> **EXERCISE DETAILS**
Retype, word for word, every line of the records below starting at the one that contains "秋永清二さんがミクストメディ" and ending at the one that contains "Elevate your home"; include both of those lines and nothing more.

> **INPUT DATA**
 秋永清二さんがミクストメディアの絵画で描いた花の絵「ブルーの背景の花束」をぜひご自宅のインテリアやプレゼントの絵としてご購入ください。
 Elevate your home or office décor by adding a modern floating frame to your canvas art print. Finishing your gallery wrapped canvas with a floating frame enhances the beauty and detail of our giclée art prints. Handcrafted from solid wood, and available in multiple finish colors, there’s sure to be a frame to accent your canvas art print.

* * *

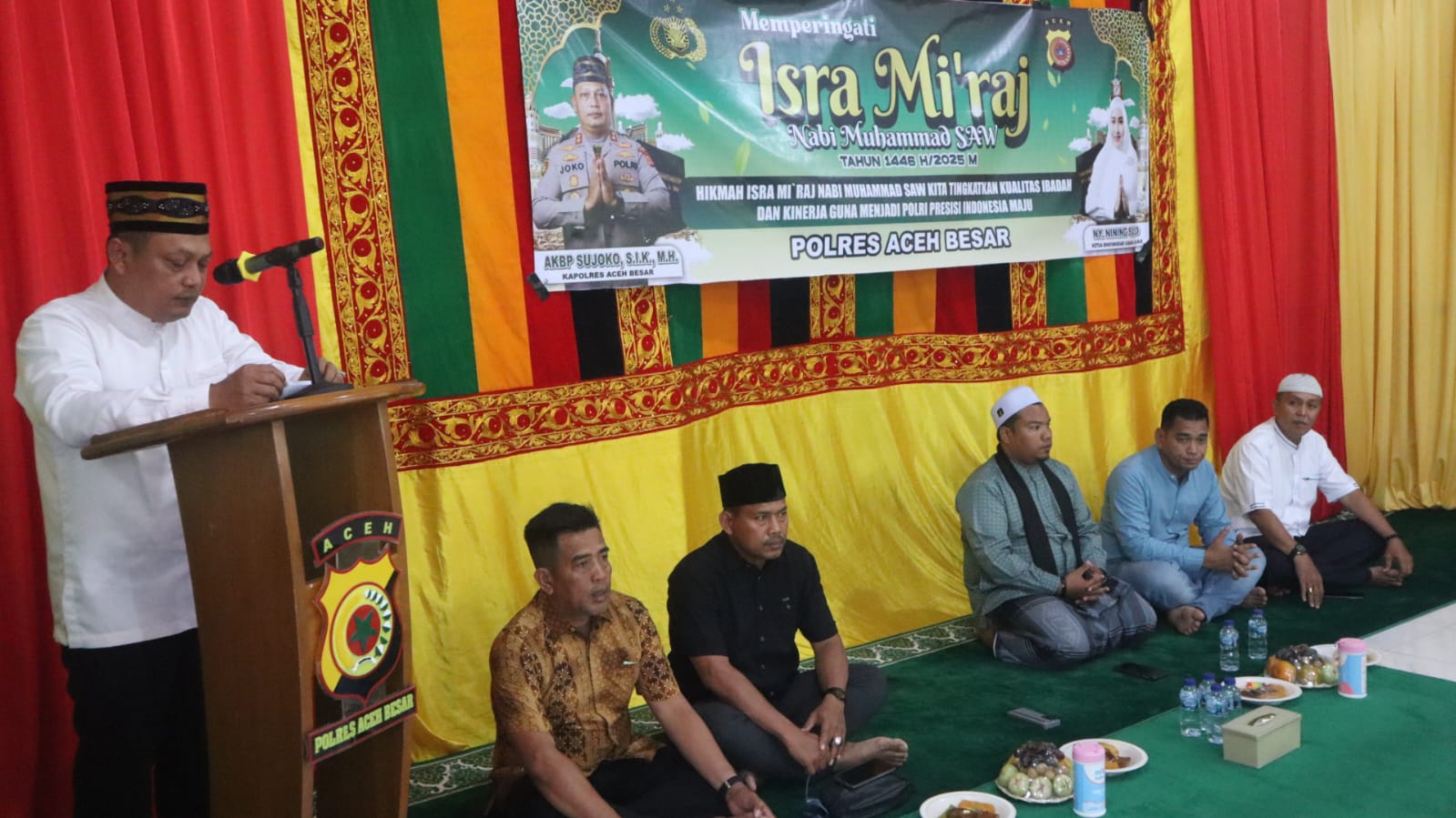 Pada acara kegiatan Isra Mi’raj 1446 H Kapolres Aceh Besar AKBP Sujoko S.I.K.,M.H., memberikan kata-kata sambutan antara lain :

> **SOLVED EXERCISE**
 秋永清二さんがミクストメディアの絵画で描いた花の絵「ブルーの背景の花束」をぜひご自宅のインテリアやプレゼントの絵としてご購入ください。
 Elevate your home or office décor by adding a modern floating frame to your canvas art print. Finishing your gallery wrapped canvas with a floating frame enhances the beauty and detail of our giclée art prints. Handcrafted from solid wood, and available in multiple finish colors, there’s sure to be a frame to accent your canvas art print.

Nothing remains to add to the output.